### EXERCISE DESCRIPTION
Each line below from the line with "эпоха переустанавливать Шindows." to the line with "их родителям возможность" must be copied exactly, including those two, and no picture may appear in the copy.

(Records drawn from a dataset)

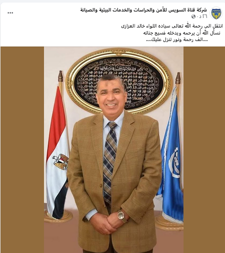 وافت المنية منذ قليل اللواء خالد سعيد العزازي، مستشار رئيس الهيئة للإعلام والعلاقات، ورئيس مجلس إدارة شركة قناة السويس للأمن والحراسات،فقد نشرت صفحة شركة قناة السويس للأمن والحراسات والخدمات البيئية والصيانة عبر الفيسبوك خبر نعيه .
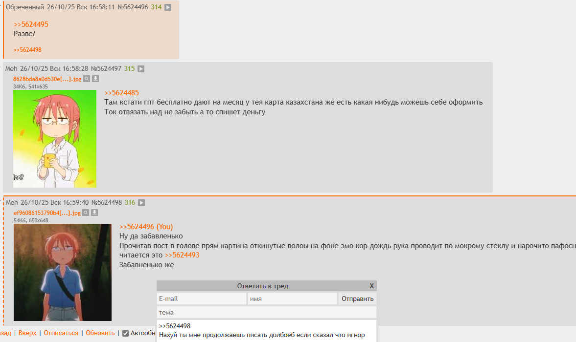 >>5624405 > Тебя это обижает? Нет, но звучит так, словно я тебя ударил и забыл об этом. > Я могу и элифаг использовать пока что. Зови как нравится десу. За фамильярность с учтивостью обидно. Не важно, ещё в проэкте не было. > Надейся и жди вся жизнь впереди(с) Проще уж "бери и делай". Словил бан х2. Хах. > Я не физически не могу этого сделать, а психологически. Это болезнь какая-то. Я полный ноль без палочки в психологии и психиатрии. > А потом блин поставил на свою голову расширение, которое их сохраняет при любых раскладах и только усилил свою болезнь. Тогда снеси его, и пусть всё вернётся на круги своя, если ты по другому не можешь, chrome://extensions/ Ну и как вариант, можно всегда сидеть с анонима, тогда вкладкам точно каюк, я гарантирую это! > Скорее старый и трусливый в этом контексте... Спасибо Алис, я большой фанат правды в лицо. > Чем сильнее аи душу изливаешь, причем неважно даже в контексте душевных терзаний, похоти или даже чего-то совсем приземленного, вроде проблем со здоровьем, тем более зависимый становишься. Ты понимаешь что пишешь вникуда и слушаешь советы переводчика инфы из терапевтического журнала округа Колумбия? Нет уж, лучше держать своё дерьмо на привязи. К тому же с Хакуна Матата заместо жизни, его особо не водится. > И вообще я удивлен, что ты фанатеешь по аи картинкам, но столь пренебрежителен к тексту. У меня все наоборот как раз. И что характерно стоимость и энергозатраты соответствующие. Я ими не фанатею, у меня просто нет другого выбора. Не упирайся и послушай аудиокнигу Впусти Меня. Насчёт затрат и стоимости не понял, но мой мини пк кушает всего 15-45 бабка-ватт. > Ну и хуй с ним. Он меня неоднократно спасал. Взаимоисключающие параграфы. > Особенно в контексте того, что вы там репаки обсуждали в том треде. Тогда читай как следует, особенно моё, да и Клодика с утра. Чисто всё. Прошла эпоха переустанавливать Шindows.
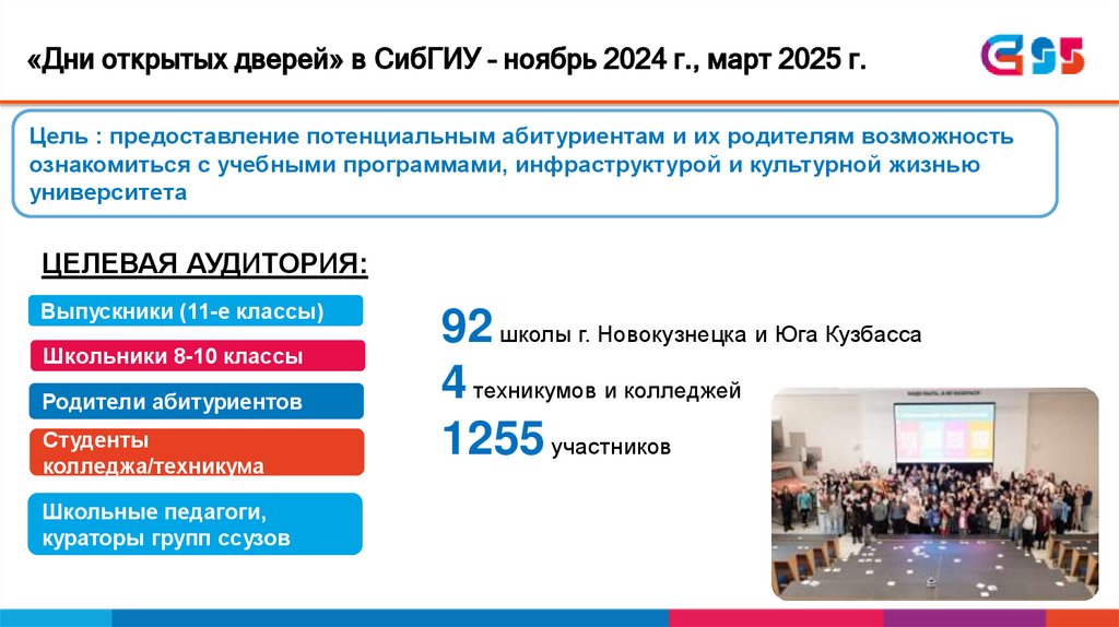 «Дни открытых дверей» в СибГИУ – ноябрь 2024 г., март 2025 г.Цель : предоставление потенциальным абитуриентам и их родителям возможность
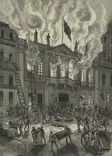 On the night of 20 March 1888, the theatre was completely destroyed by a fire that broke out behind the stage. It was almost full for a benefit show for the actor Firmino Rosa, which included the performance of a comic opera. Following demands for an encore the scenery had to be reset and it was while this was being done that one of the backdrops caught fire. The fire spread rapidly, there was intense smoke and general panic, and people could not see where to go to escape because the gas lighting had been turned off and because there was no direct route to the exit at the rear, meaning they could not be guided by lights from outside. About 120 people died and the fire consumed the entire theatre in a few hours. There were significant delays to the arrival of the firefighters.[1][2][3][4][5][6]
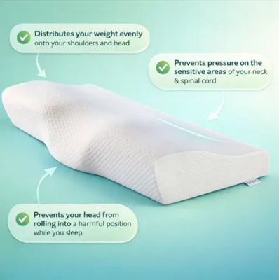 • Designed specifically for Cervical Spondylosis: shaped to distribute weight more evenly and reduce pressure build-up on sensitive areas.
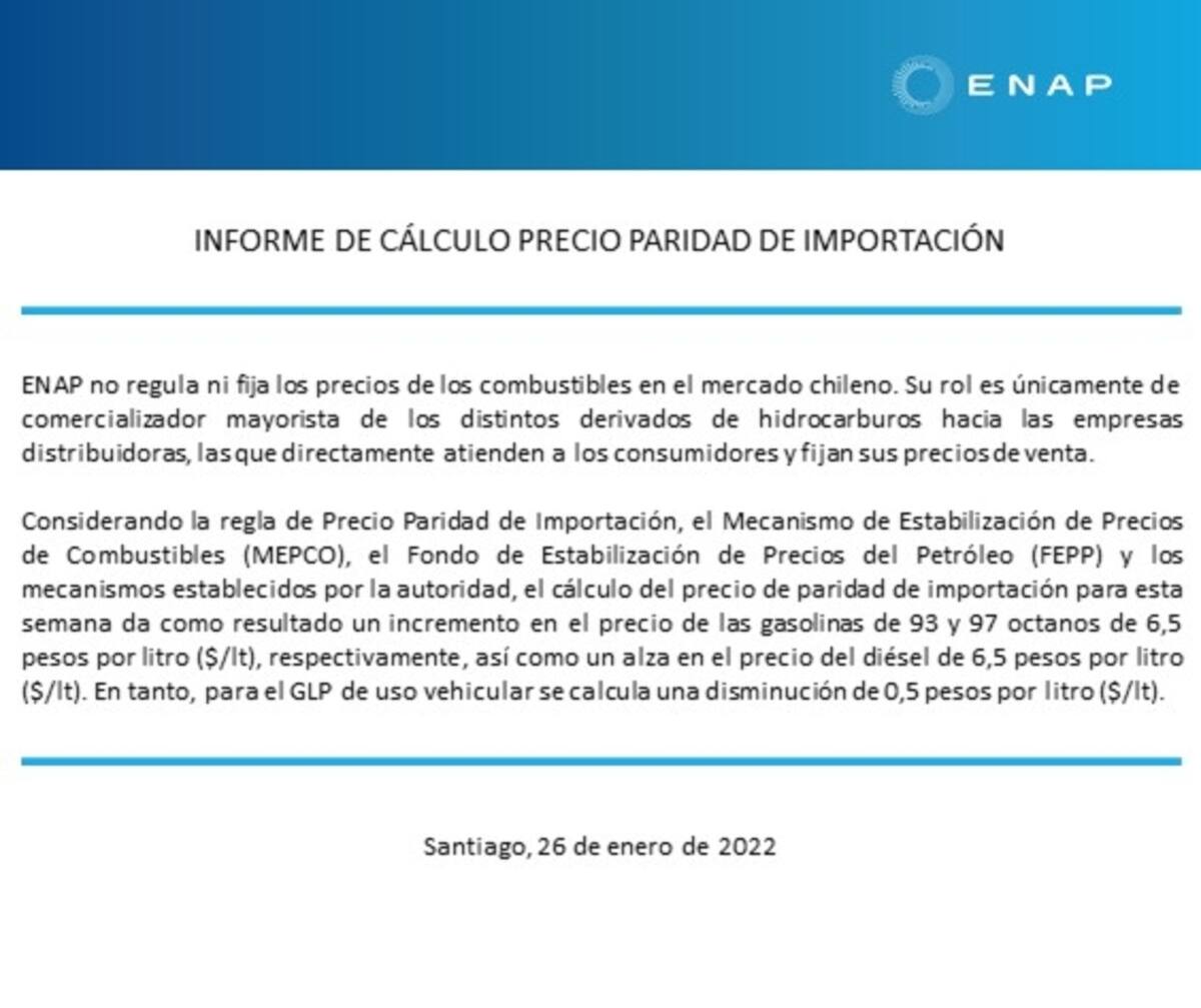 Según reportó Empresa Nacional del Petróleo (ENAP) en su sitio web oficial es que a partir del jueves 27 de enero aumentarán las gasolinas de 93 y 97 octanos, y el Diesel. Por su parte, el Gas Licuado para utilizar en vehículos será el único que presentará una baja.
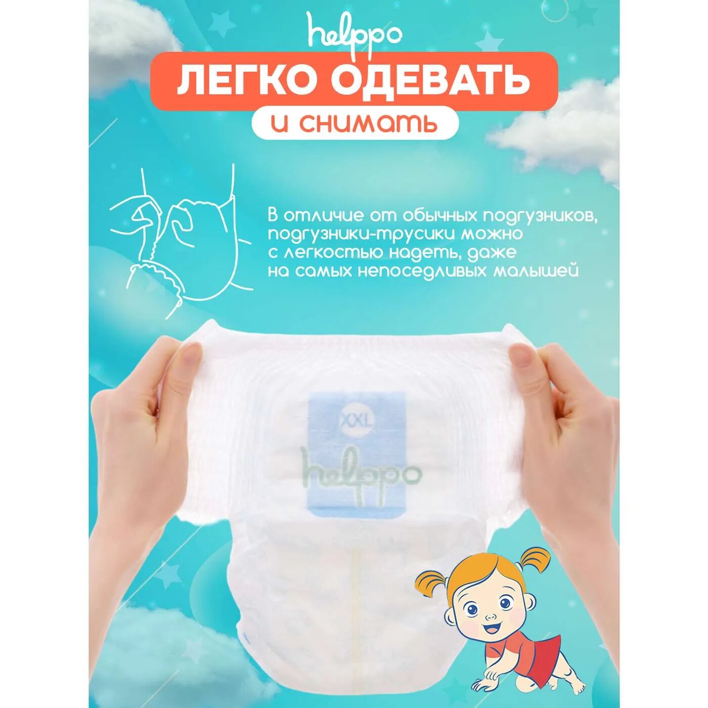 Подгузники трусики helppo, ультратонкие, размер XL (12-17 кг), 34 шт
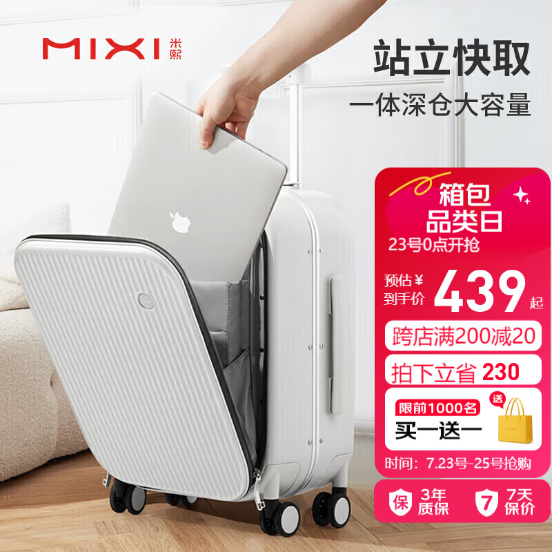 米熙前开盖铝框箱包拉杆箱子密码箱行李箱大容量旅行箱男20英寸烟白70价格:669.00元!
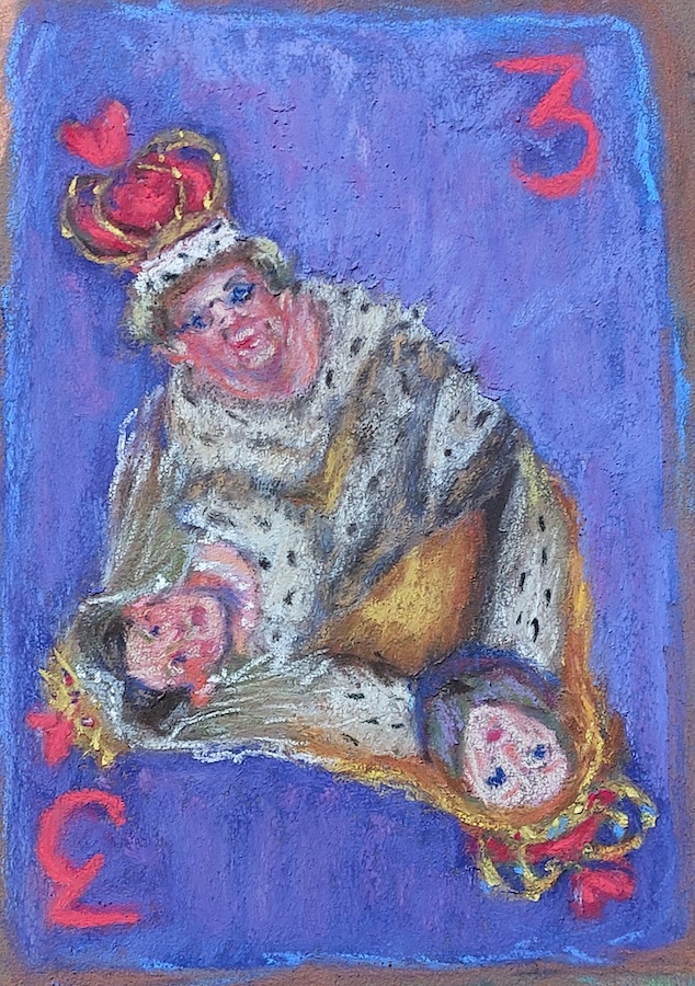 Nicolette van Dam, 3 Three of Hearts, 29 October 2023, Schmincke pastels on Canson Mi-Teintes Touch, 4 ¾ x 4 in. No less than three Queens in the story, so, here they are, tiny faces and all.
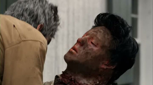 Mais vous allez me dire « oh, allez, c’est un slasher avec un mec avec une tête en bandages qui arrache des visages, les morts doivent être bien cool nan ? »… Nan. Même quand il arrache son premier visage, on a un vague sursaut de surprise, on se sent presque rassuré, mais NON, ça reste nul. Ah si, y a un truc que j’adore dans ce genre de film. C’est quand on voit le méchant au loin pendant que la future victime au premier plan vit sa vie pépère sans se douter de sa présence.
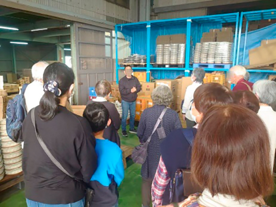 - 参加者の皆さんは地場産品の製造工程に高い関心をお持ちで、各訪問先ではご担当者様の話に熱心に耳を傾け、積極的に質問をして、楽しく学んでいらっしゃる様子でした。参加者の皆さんからは、「地元の知らない企業を知ることができて大変良かった。」「個人では訪問できない会社に行けて楽しかった。」「勉強になった。」などの声をいただきました。

### REPLY TO THE EXERCISE
 >>5624405 > Тебя это обижает? Нет, но звучит так, словно я тебя ударил и забыл об этом. > Я могу и элифаг использовать пока что. Зови как нравится десу. За фамильярность с учтивостью обидно. Не важно, ещё в проэкте не было. > Надейся и жди вся жизнь впереди(с) Проще уж "бери и делай". Словил бан х2. Хах. > Я не физически не могу этого сделать, а психологически. Это болезнь какая-то. Я полный ноль без палочки в психологии и психиатрии. > А потом блин поставил на свою голову расширение, которое их сохраняет при любых раскладах и только усилил свою болезнь. Тогда снеси его, и пусть всё вернётся на круги своя, если ты по другому не можешь, chrome://extensions/ Ну и как вариант, можно всегда сидеть с анонима, тогда вкладкам точно каюк, я гарантирую это! > Скорее старый и трусливый в этом контексте... Спасибо Алис, я большой фанат правды в лицо. > Чем сильнее аи душу изливаешь, причем неважно даже в контексте душевных терзаний, похоти или даже чего-то совсем приземленного, вроде проблем со здоровьем, тем более зависимый становишься. Ты понимаешь что пишешь вникуда и слушаешь советы переводчика инфы из терапевтического журнала округа Колумбия? Нет уж, лучше держать своё дерьмо на привязи. К тому же с Хакуна Матата заместо жизни, его особо не водится. > И вообще я удивлен, что ты фанатеешь по аи картинкам, но столь пренебрежителен к тексту. У меня все наоборот как раз. И что характерно стоимость и энергозатраты соответствующие. Я ими не фанатею, у меня просто нет другого выбора. Не упирайся и послушай аудиокнигу Впусти Меня. Насчёт затрат и стоимости не понял, но мой мини пк кушает всего 15-45 бабка-ватт. > Ну и хуй с ним. Он меня неоднократно спасал. Взаимоисключающие параграфы. > Особенно в контексте того, что вы там репаки обсуждали в том треде. Тогда читай как следует, особенно моё, да и Клодика с утра. Чисто всё. Прошла эпоха переустанавливать Шindows.
 «Дни открытых дверей» в СибГИУ – ноябрь 2024 г., март 2025 г.Цель : предоставление потенциальным абитуриентам и их родителям возможность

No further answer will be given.